The Nominating Committee of the Trustees, which consists solely
of Trustees who are independent with no financial interest in
Putnam Management, recommends that the number of Trustees be
fixed at sixteen and that shareholders vote for the election of
the nominees for Trustees.
                                    
                What are the Trustees' responsibilities?
                                    
The Trustees are responsible for the general oversight of your
fund's business and for assuring that your fund is managed in the
best interests of the shareholders.
                                    
                               Proposal 2
                          Election of Auditors
                                    
         Who has selected the independent auditors of the fund?
                                    
The Trustees have selected PricewaterhouseCoopers LLP as the
independent auditors of your fund and shareholders are being
asked to ratify the selection for the current year.

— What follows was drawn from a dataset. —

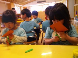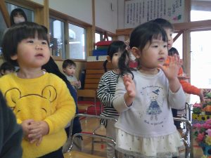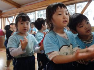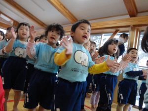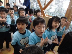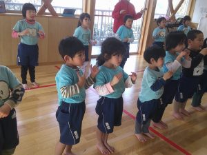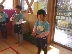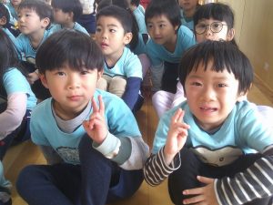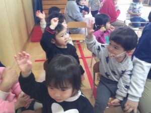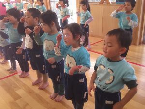 つき組さんは、初めての手話に少し難しさはあるようですが先生の振りをよく見て覚えようと頑張っていました。
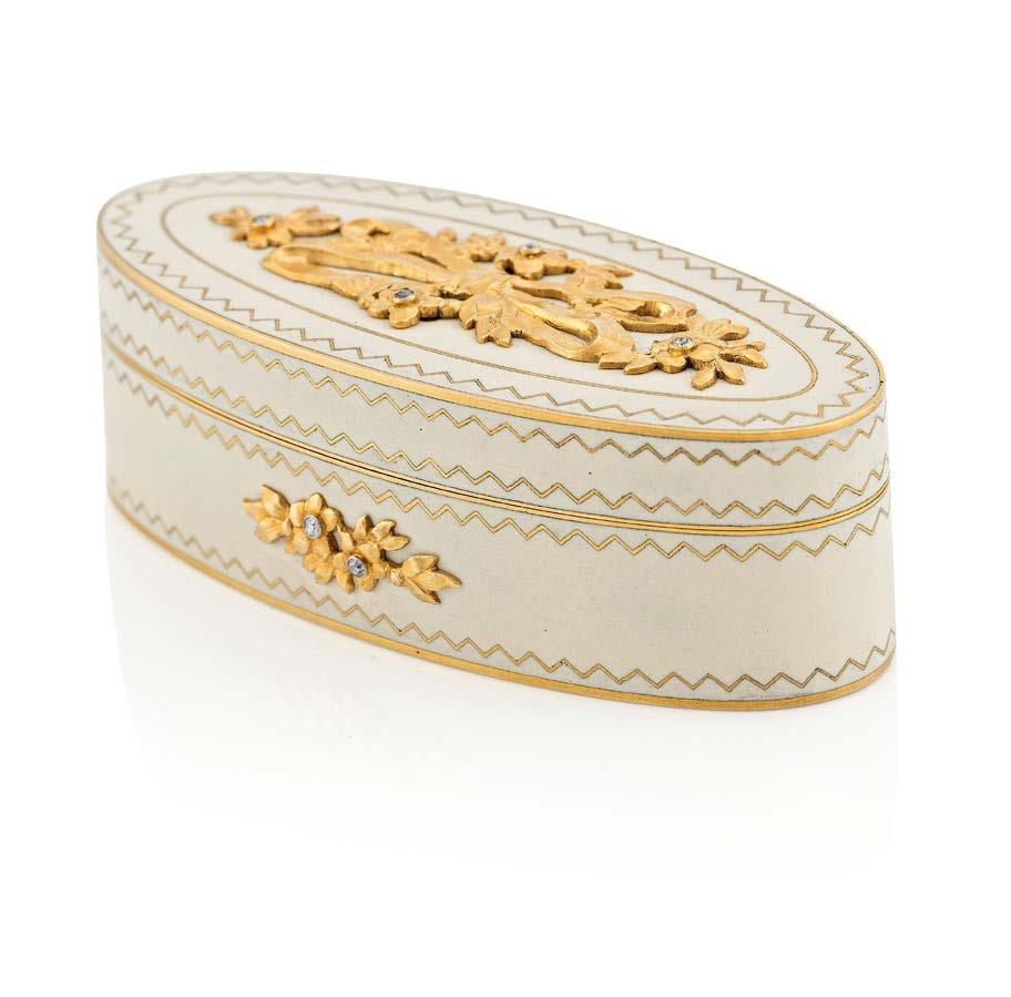 479. Dosa, 18K guld, diamanter och vit opak emalj. W.A. Bolin Moskva 1912-1917.

                                    
What were the reasons for the selection of PricewaterhouseCoopers
LLP as the independent auditors of the fund?

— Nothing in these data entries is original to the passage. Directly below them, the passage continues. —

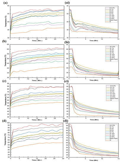The maximum temperature measured for specimens containing 0.5 wt % Si at 1000 W/m2 irradiations was 72.8 °C, which is 22.58% higher compared to bare aluminum plate and 1.39% higher compared to the black paint-coated aluminum plate. Specimens containing 1 wt %, 3 wt %, 5 wt %, 7 wt %, and 10 wt % exhibited the maximum temperatures of approximately 75.6 °C, 79.3 °C, 81.7 °C, 87.8 °C, and 93.4 °C, respectively. The highest temperature was attained in the case of specimens containing 15 wt % Si at a 1000 W/m2 irradiation level was 98.5 °C, which is 65.81% higher compared to the bare aluminum plate and 37.15% higher compared to the black paint-coated aluminum plate. A further increase in Si concentration in the black paint did not increase the surface temperature. For example, specimens containing 20 wt % Si in black paint exhibited 79.3 °C. This reduction in surface temperature is due to an excessive increase in thermal conductivity (cooling rate, Figure 6ai–di), which leads to an increase in thermal convective losses in the surrounding environment.
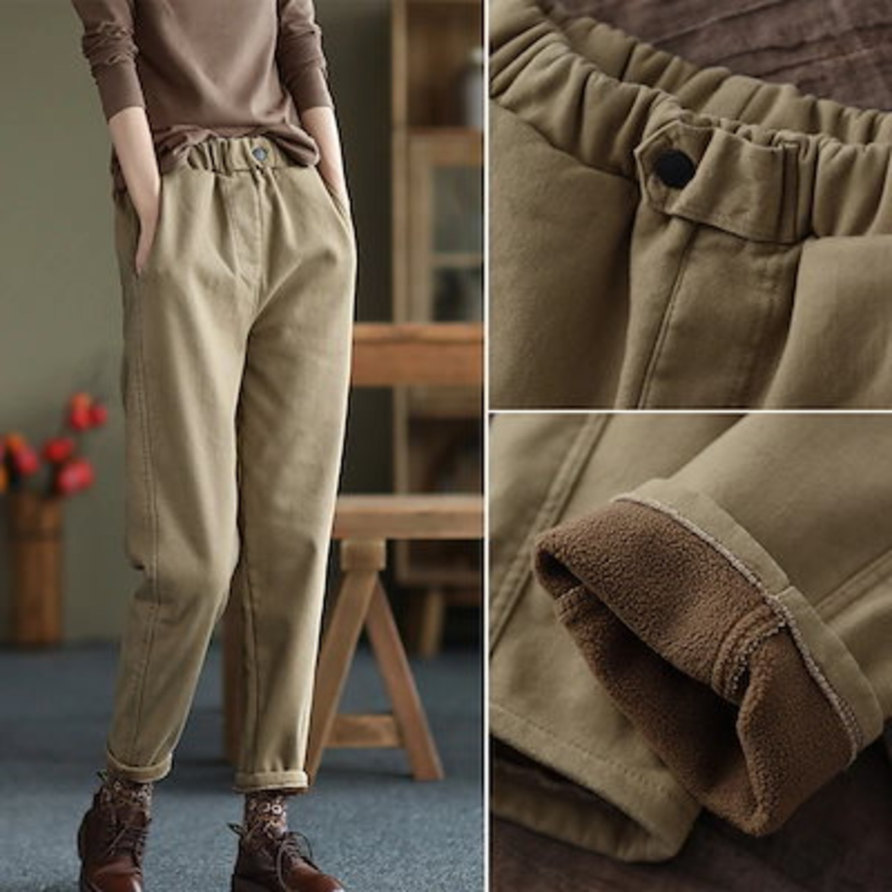 ひんやりボトムスかっこいい!スラックスパンツ秋冬 ゆったり 裏起毛 厚手 レディース パンツ オシャレ おしゃれ 体型カバー ロングパンツワイドパンツコーデュロイズボン脚長効果!スキニーパンツ | DOKO-ME
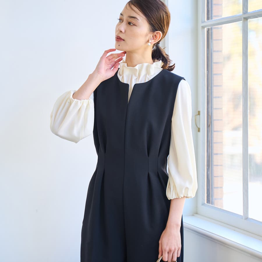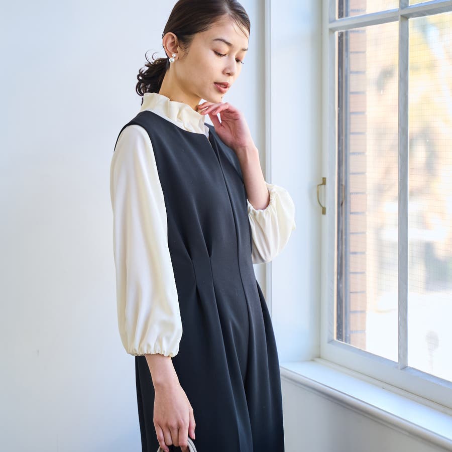 程よいボリュームのフリルネックがポイント。
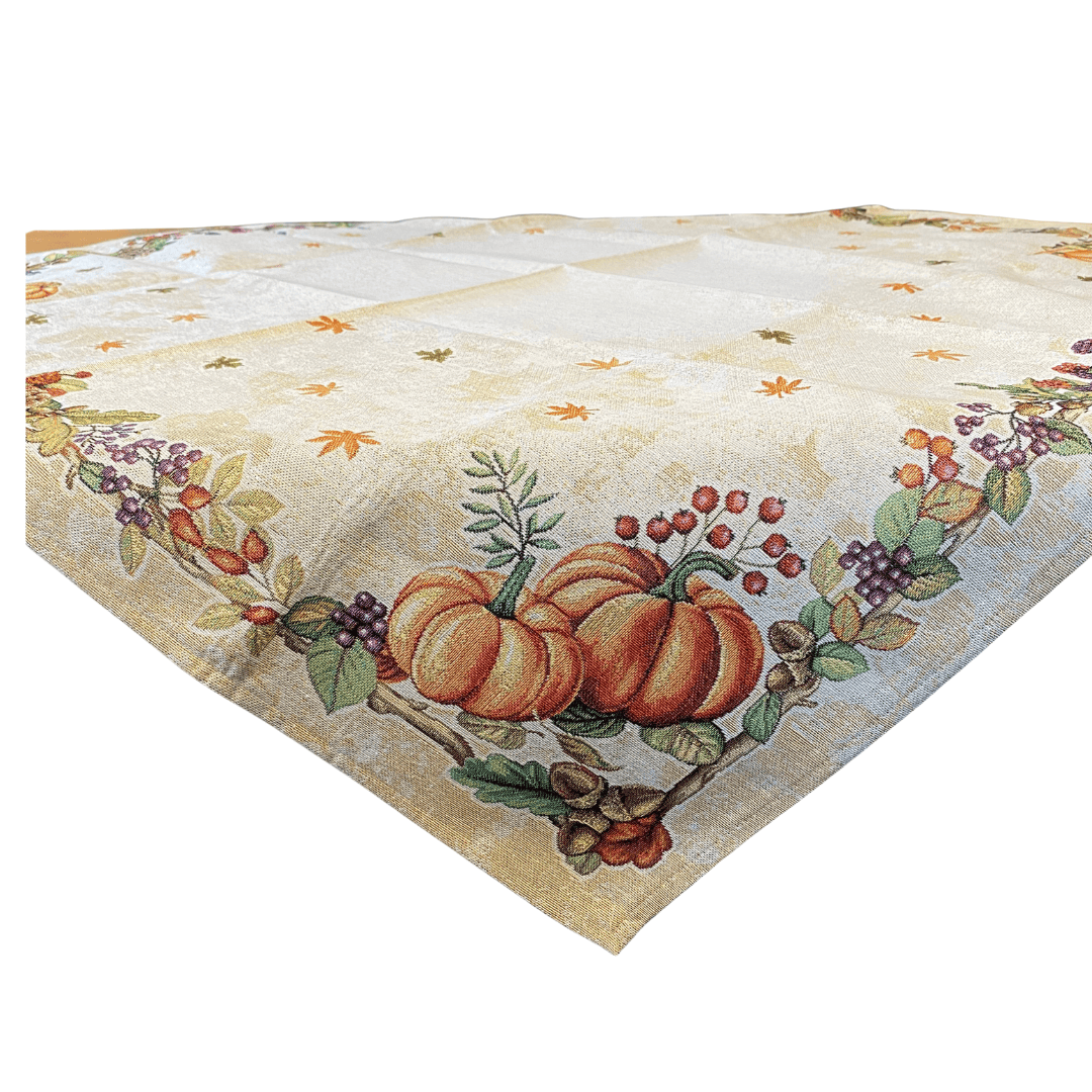 Tafelkleed – Herfst – Gobelinstof – Beige ondergrond met pompoenen – eikels – dennenappels – besjes – gekleurde blaadjes – 100 x 100 cm
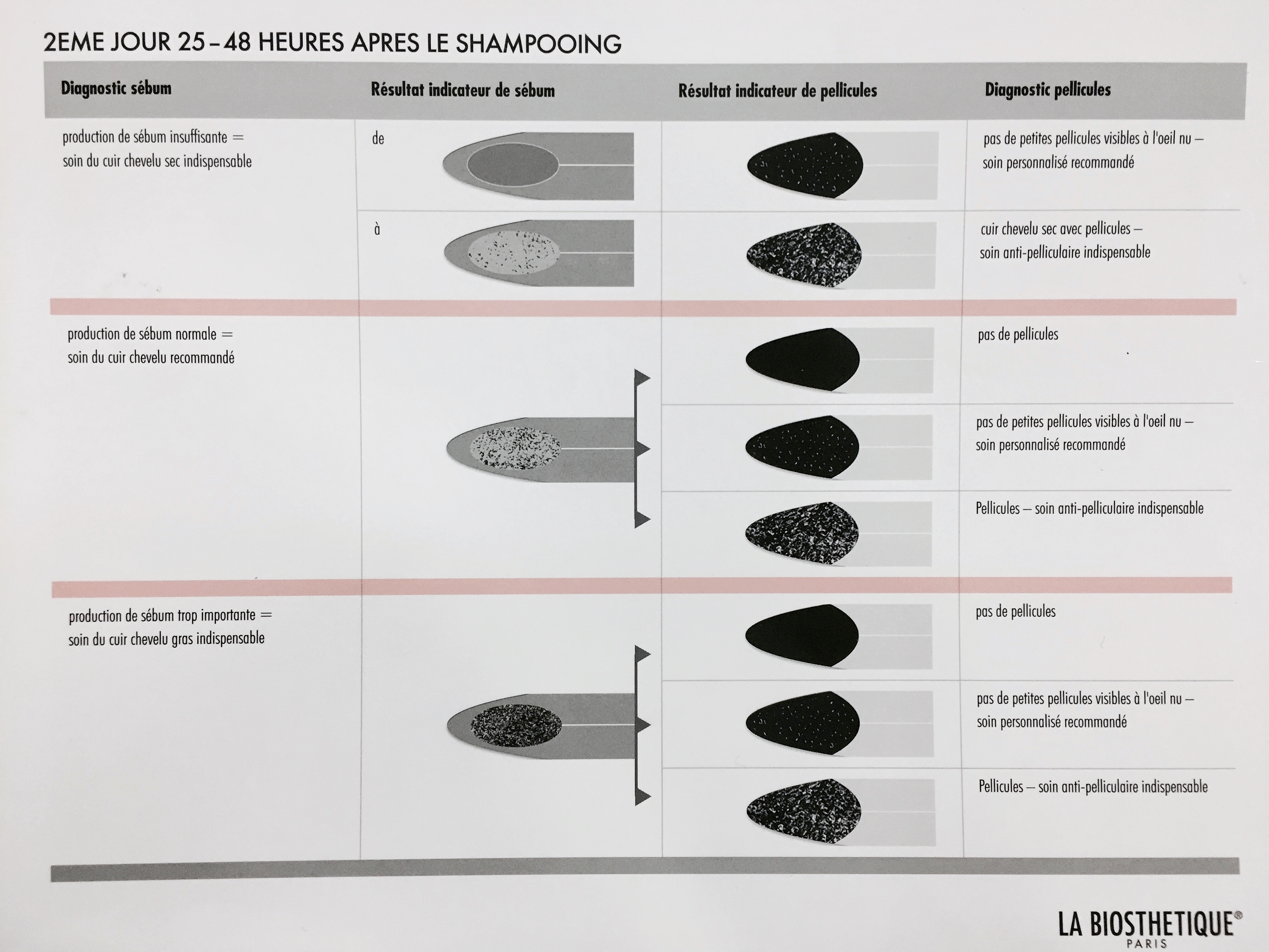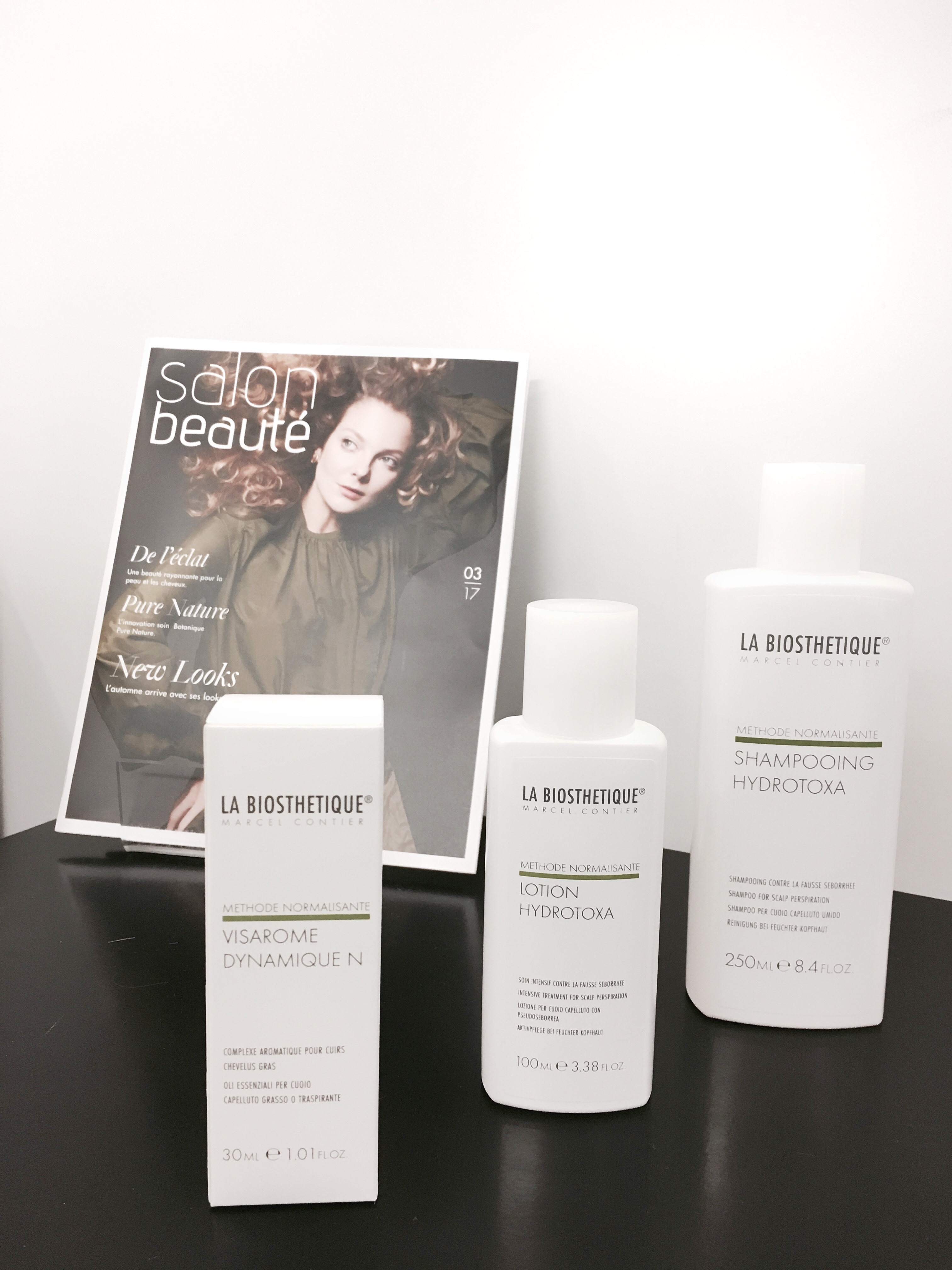 Lors de mon premier rendez-vous, j’ai pu faire un diagnostic de mon cuir chevelu qui a révélé que je produisais rapidement du sébum, l’effet brillant qu’on prend (trop) souvent pour du gras. C’est très fréquent sur les cheveux fins. Pour remédier à ce problème, le salon possède la gamme Biosthétique, dont j’ai fait la découverte.

                                    
The Trustees selected PricewaterhouseCoopers LLP primarily based
on its expertise as auditors of investment companies, the quality
of its audit services and the competitiveness of its fees.
                                     
                                    
                               Proposal 3
               Amending the fund's fundamental investment 
                restriction with respect to making loans
                                    
                    What are the Trustees proposing?

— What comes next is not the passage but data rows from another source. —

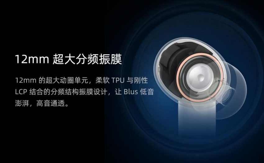 魅藍 Blus 主動降噪耳機采用了一塊 12mm 超大分頻振膜,為魅藍 Blus 主動降噪耳機提供了澎湃的低音表現,同時由柔軟 TPU 與剛性 LCP 結合而成的分頻結構的加入,讓它也有著純澈的高頻音質表現。
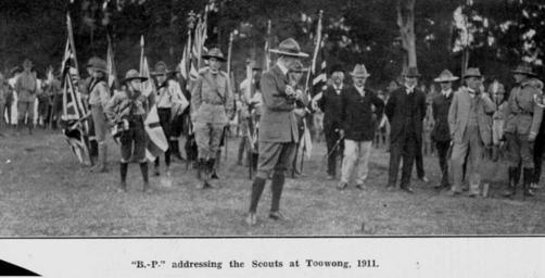 | Keywords: StateLibQld 2 198103 Lord Robert Baden-Powell, founder of the Scouting movement, addressing a group of Scouts at Toowong, Brisbane, 1911.jpg en Lord Robert Baden-Powell founder of the Scouting movement addressing a group of Scouts at Toowong Brisbane 1911 Caption 'B -P ' addressing the Scouts at Toowong 1911 1911 handle 10462/deriv/94632 Item is held by John Oxley Library State Library of Queensland PD-Australia StateLibQld-License Military uniforms of Australia Black and white photographs Children of Queensland Toowong Queensland 1911 in Australia Scouting in Australia Robert Baden-Powell |
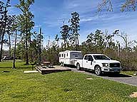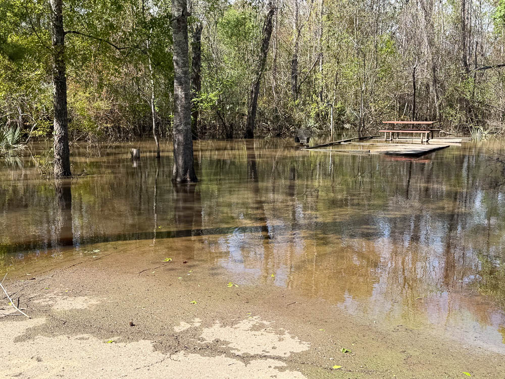 I reached Tickfaw State Park at 2:15, and was assigned site 8. I walked around the electric loop and some of the sites were underwater. The pavement at my original site (29) was dry, but looked like an island. Some were worse:
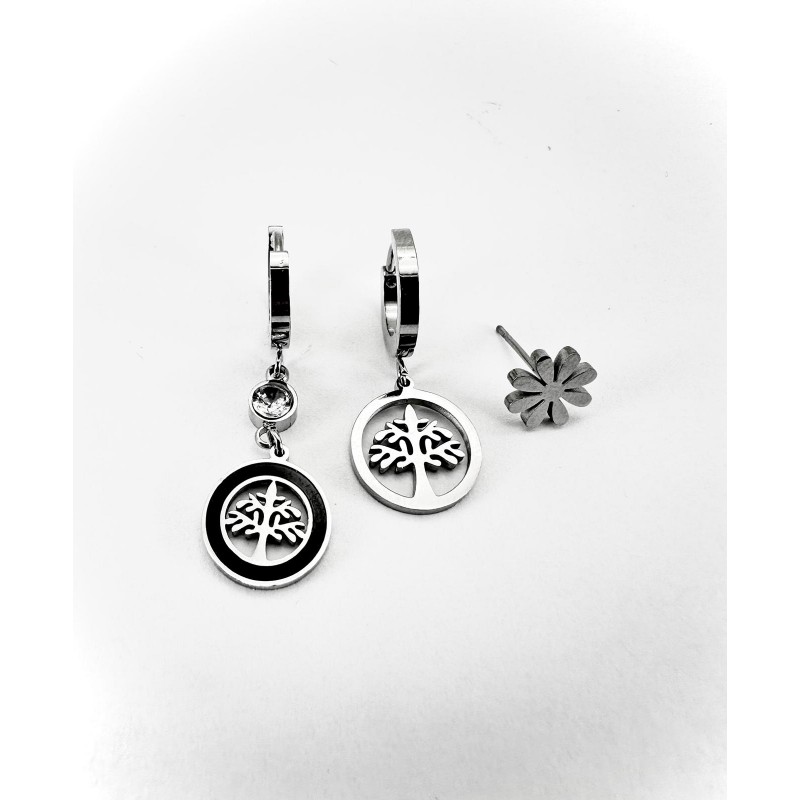 Gümüş Hayat Ağacı Detaylı Üçlü Küpe

                                    
The Trustees are recommending that the fund's fundamental
investment restriction with respect to making loans be revised to 
reflect the standard restriction expected to be used by other
Putnam funds and to clarify that the fund is permitted to
participate in a proposed interfund lending program as described
in Proposal 3 in the Proxy Statement.
                                    
If the proposal is approved, the fund would be able to
participate in an interfund lending program and make loans to
other Putnam funds.  The fund would only make loans under the
program if it could receive an interest rate higher than those
available for repurchase agreements.  There is a risk that the 
fund could experience a delay in obtaining prompt repayment of a
loan and, unlike repurchase agreements, the fund would not
necessarily have received collateral for its loan.  A delay in
obtaining prompt payment could cause the fund to miss an
investment opportunity or to incur costs to borrow money to
replace the delayed payment.
                                    
Since the Putnam funds may be considered affiliated parties,
interfund lending may be prohibited by the Investment Company Act
of 1940 and would be implemented only upon receipt of an
exemptive order of the Securities and Exchange Commission.